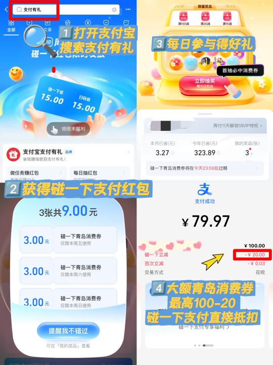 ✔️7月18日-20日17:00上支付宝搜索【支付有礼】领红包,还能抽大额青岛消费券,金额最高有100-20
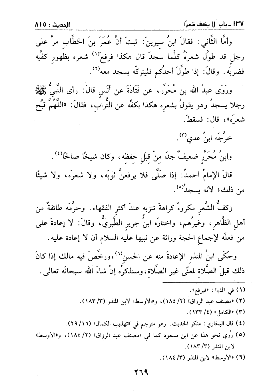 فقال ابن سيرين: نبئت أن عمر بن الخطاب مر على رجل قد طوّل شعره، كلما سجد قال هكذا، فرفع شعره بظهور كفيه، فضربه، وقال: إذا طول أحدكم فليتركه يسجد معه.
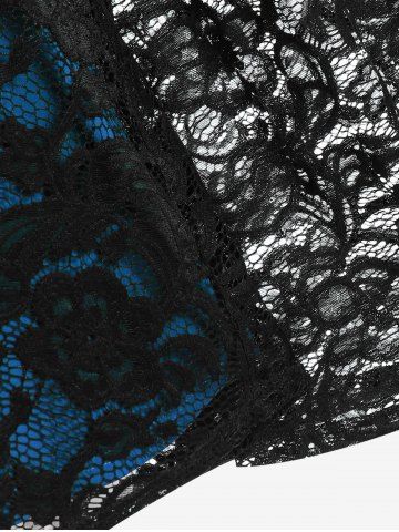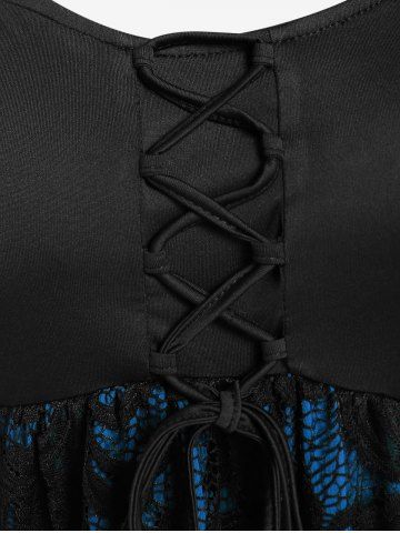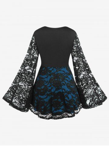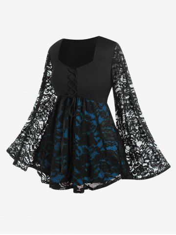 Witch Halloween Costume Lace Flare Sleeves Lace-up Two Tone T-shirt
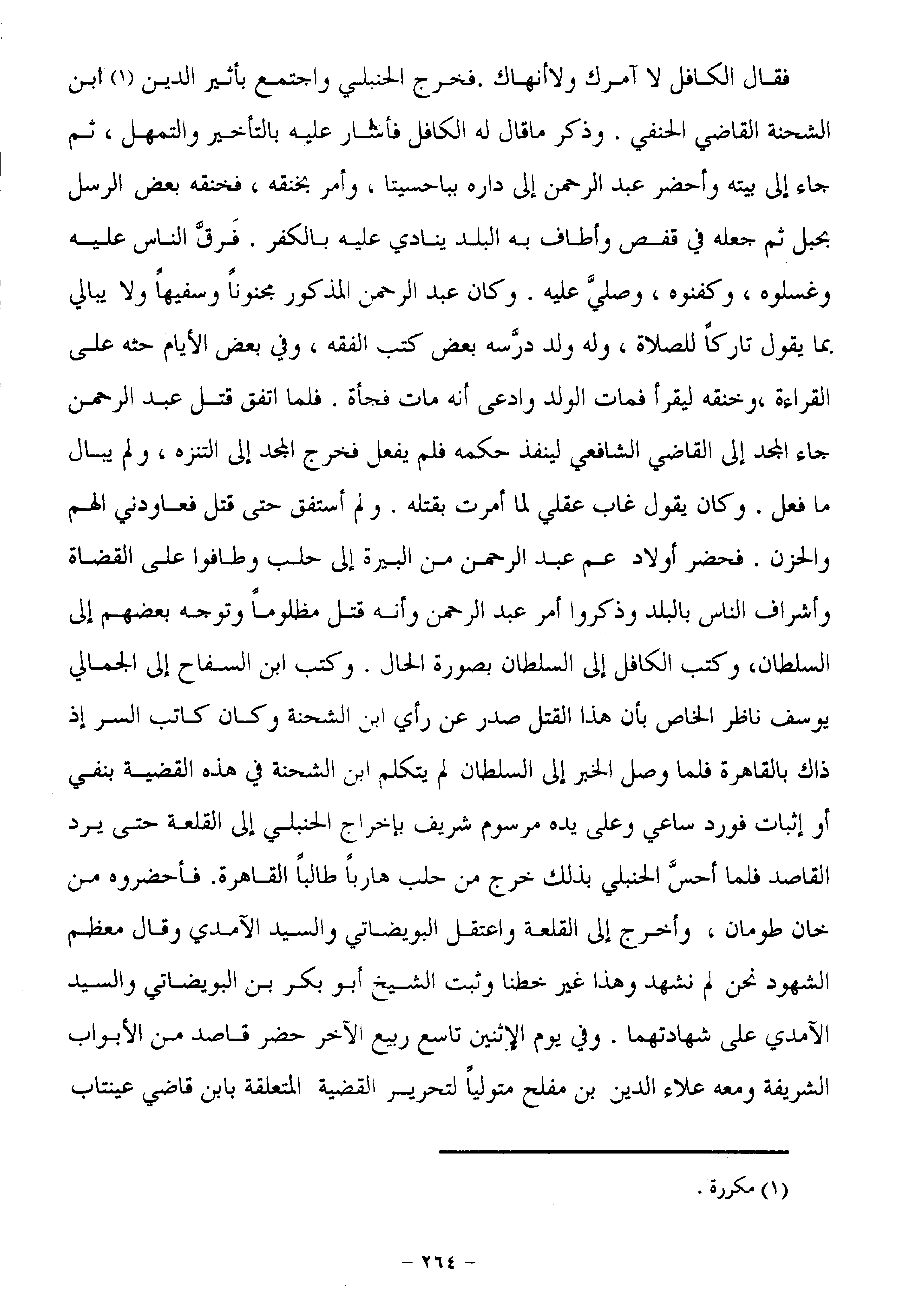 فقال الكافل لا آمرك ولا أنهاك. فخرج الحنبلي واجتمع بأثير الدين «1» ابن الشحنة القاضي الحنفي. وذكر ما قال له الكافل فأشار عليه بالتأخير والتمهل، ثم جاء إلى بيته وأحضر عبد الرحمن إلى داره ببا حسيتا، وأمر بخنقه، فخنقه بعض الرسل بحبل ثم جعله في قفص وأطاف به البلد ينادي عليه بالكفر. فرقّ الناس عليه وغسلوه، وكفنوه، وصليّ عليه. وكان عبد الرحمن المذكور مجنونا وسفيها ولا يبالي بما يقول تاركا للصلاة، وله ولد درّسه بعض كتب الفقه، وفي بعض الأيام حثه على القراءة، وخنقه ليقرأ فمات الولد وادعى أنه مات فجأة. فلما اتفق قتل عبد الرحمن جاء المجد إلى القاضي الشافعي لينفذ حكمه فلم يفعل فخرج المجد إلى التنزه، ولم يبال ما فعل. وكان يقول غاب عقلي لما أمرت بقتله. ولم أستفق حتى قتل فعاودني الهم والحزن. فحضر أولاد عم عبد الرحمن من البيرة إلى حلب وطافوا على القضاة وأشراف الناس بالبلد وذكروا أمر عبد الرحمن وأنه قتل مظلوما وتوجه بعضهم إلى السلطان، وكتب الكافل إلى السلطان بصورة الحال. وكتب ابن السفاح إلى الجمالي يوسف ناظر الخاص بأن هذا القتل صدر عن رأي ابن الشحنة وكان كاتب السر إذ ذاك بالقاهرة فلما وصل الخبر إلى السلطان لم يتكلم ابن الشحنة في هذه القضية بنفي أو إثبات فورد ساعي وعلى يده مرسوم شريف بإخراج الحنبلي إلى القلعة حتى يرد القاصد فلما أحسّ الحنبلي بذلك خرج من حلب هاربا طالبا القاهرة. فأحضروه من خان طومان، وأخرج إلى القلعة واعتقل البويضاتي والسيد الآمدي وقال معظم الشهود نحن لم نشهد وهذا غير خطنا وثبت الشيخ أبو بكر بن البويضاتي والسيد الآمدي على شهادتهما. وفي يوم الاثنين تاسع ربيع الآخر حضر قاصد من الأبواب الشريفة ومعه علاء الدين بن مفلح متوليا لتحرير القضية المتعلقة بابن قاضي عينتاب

## WORK TO BE COMPLETED
Exactly as they appear, print the lines of the listing above from its first line through the line that contains "Witch Halloween Costume", minus the pictures.

## RESPONSE BELOW
 ✔️7月18日-20日17:00上支付宝搜索【支付有礼】领红包,还能抽大额青岛消费券,金额最高有100-20
 فقال ابن سيرين: نبئت أن عمر بن الخطاب مر على رجل قد طوّل شعره، كلما سجد قال هكذا، فرفع شعره بظهور كفيه، فضربه، وقال: إذا طول أحدكم فليتركه يسجد معه.
 Witch Halloween Costume Lace Flare Sleeves Lace-up Two Tone T-shirt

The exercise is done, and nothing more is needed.